今敘提示您:看后求收藏(詩鼎小說網網m.gzstf.cn),接著再看更方便。
“傅晏,你是要找醫院嗎?”
“我能聯系到軍.區醫院的專家。”
宋洇迅速地放下定局的棋子。
“高級病房,就現在。”
-
腫瘤專科醫院。
這是一家很老的醫院,十多年前很有名氣,不過現在已經不大行了。
漫長的走廊好像沒有盡頭,宋洇拎著母親從時裝周給她帶回來的時尚新品,在這么一道昏暗陳舊的醫院顯得另類。
吊著的鹽水被舉得很高,醫護人員推著液氦容器在狹窄老舊的道路擺手,緊急而不容置疑地叫人讓開,然后推著沉睡病人的床位往前奔跑。
宋洇捂住口鼻,愈走愈快,終于在最高層的走廊盡頭看到坐在角落里的傅晏。
少年一如既往的淡漠,昏暗的燈光將他的身影分割成兩半。
一大半陷落在無盡的黑暗里,剩余裸.露在橘黃的柔光中,卻還是不夠明亮。
“宋洇。”
傅晏站起身,這是他第一次先出聲同她打招呼。
“阿姨還好嗎?”宋洇放緩呼吸,按下心頭的情緒,替他憂心。
“來通知的時候就已經醒了,昏迷了幾分鐘。”
傅晏一頓,沒有太多異樣情緒,稍稍讓開一條道,引著宋洇往里邊走。
“我已經拜托人聯系了軍.區醫院的腫瘤科專家。”宋洇一頓,倏然噤聲。
走廊里還不太嚴重,病房里封閉窗戶,便有些難以忍受。
消毒水的味道流竄,整個醫院像是被困在消毒試劑的玻璃瓶中,讓宋洇有些想吐。
她聞不得這么高濃度的消毒水味道,甫一踏進,胃部像是被灼燒般牽扯著痛起來。
宋洇緩了緩神,抬眼。
這是一個四人間,一二病床空著,三號病房的老人正在捧著一臺紅色的收音機聽黃梅戲。
靠近窗子皺眉睡下的女人是傅晏的母親,鄧清月。
她和傅晏有幾分相似,但臉色太差,整個人被病痛折磨得瘦條條,脆弱得像是一碰就散架的蝴蝶。
“腫瘤專科醫院是國外教堂投資的,”傅晏拉下簾子,盡量給自己的母親留了片清凈的地方休息,緩聲解釋,“別的醫院,我們沒法去。”
他沒有明說,原本也不想告知。
這等同于把自己的傷痛一點一點撥開給別人看。
傅晏和宋洇雖然認識了幾個月,但遠算不上熟識,關系也不對等。
他沒有想到一個一時興起的少女能幫他做到這個地步。
“你是傅家的人。”
宋洇不是疑問句,而是陳述句。
傅晏沒回答。
他帶著宋洇坐下,骨感冷白的手遞過來一杯熱水,像是串聯前因后果一般,默默告訴宋洇:“我母親姓鄧,出生于江南織造曾經有名的鄧家。”
那個被京城傅家收購重組改姓傅的鄧家,宋洇聽宋清予說過。
鄧家是傅家將重心從國外遷回國內、擴張南下版圖的第一步,也是傅家走向不敗之地最為關鍵的一步。
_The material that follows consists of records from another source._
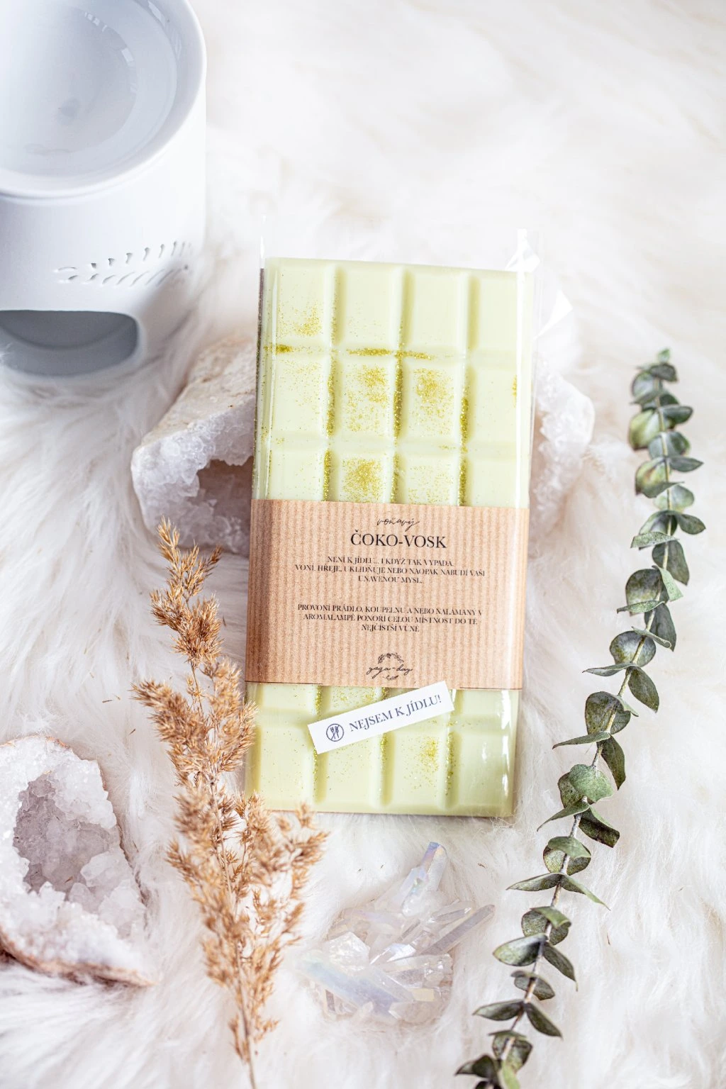 !!! POZOR !!! ČOKO-VOSK není k jídlu, i když je vyroben z přírodního sójového vosku a čistých esenciálních olejů, posypaný biologicky rozložitelnými třpytkami a obarvený přírodními barvivy.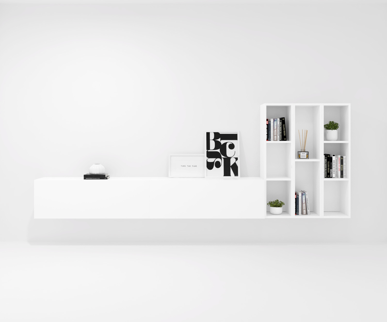 Ensemble composé de deux meubles à portes pliantes et de trois meubles décoratifs. Une infinité de combinaisons possibles avec tous les modules ou compositions de la collection CREA. Meubles en panneaux de particules laminés. Grande capacité de stockage à l'intérieur. Prêt à être accroché au mur avec la possibilité d'ajouter des pieds ou des roues. Il est livré démonté, facile à monter. Fabriqué en Espagne.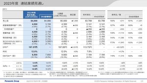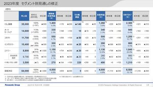 2023年度の年間業績見通しでは、売上高を1000億円下方修正、調整後営業利益を300億円下方修正、営業利益を300億円下方修正している。税引き前利益、当期純利益は金利の上昇に伴う金融収支の良化等を反映して当初の見通しどおりとした。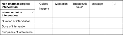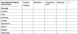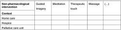 In other words, the literature on non-pharmacological interventions in PC reports in which much attention has been given to the somatic aspects of comfort33-35 have not identified the other dimensions of comfort covered by the different non-pharmacological interventions. Furthermore, it is known that different interventions have been implemented in different contexts;32,33 however, a summary of non-pharmacological interventions implemented in the context of PC does not exist. Furthermore the literature does not clarify the characteristics of the different non-pharmacological intervention programs. Finally the existence of non-pharmacological interventions implemented and evaluated in non-oncologic populations is unclear.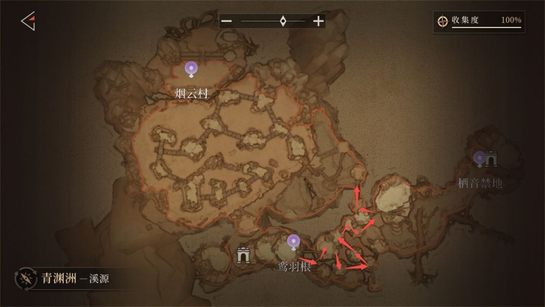 - 路线:从「鸾羽根」按截图指引前往「烟云村」(该区域不在主线内,易遗漏)

父親唏噓傅家掌門人傅成煦的冷血、薄情寡義,親自送枕邊人的家族破產,換取最低的收購價格,讓自己的身價更上一層樓。
宋洇微微蹙眉,杏眼落在少年的身上。
他的軟弱、他的狼狽、他的無奈。
她已經從寥寥的相處辨析一二。
兩個人坐在醫院的長廊,宋洇矜持地坐在那里,自有一副大小姐的矜貴與冷漠,只是眨眼的時候露出幾分心疼與擔憂。
開口:“傅晏,明天就可以轉院,我來之前跟聯系的人講過,要了最高級別隱私的病房,”一頓,眼睛一眨不眨,“醫院那邊我這邊的人不會跟任何人說,包括傅家。”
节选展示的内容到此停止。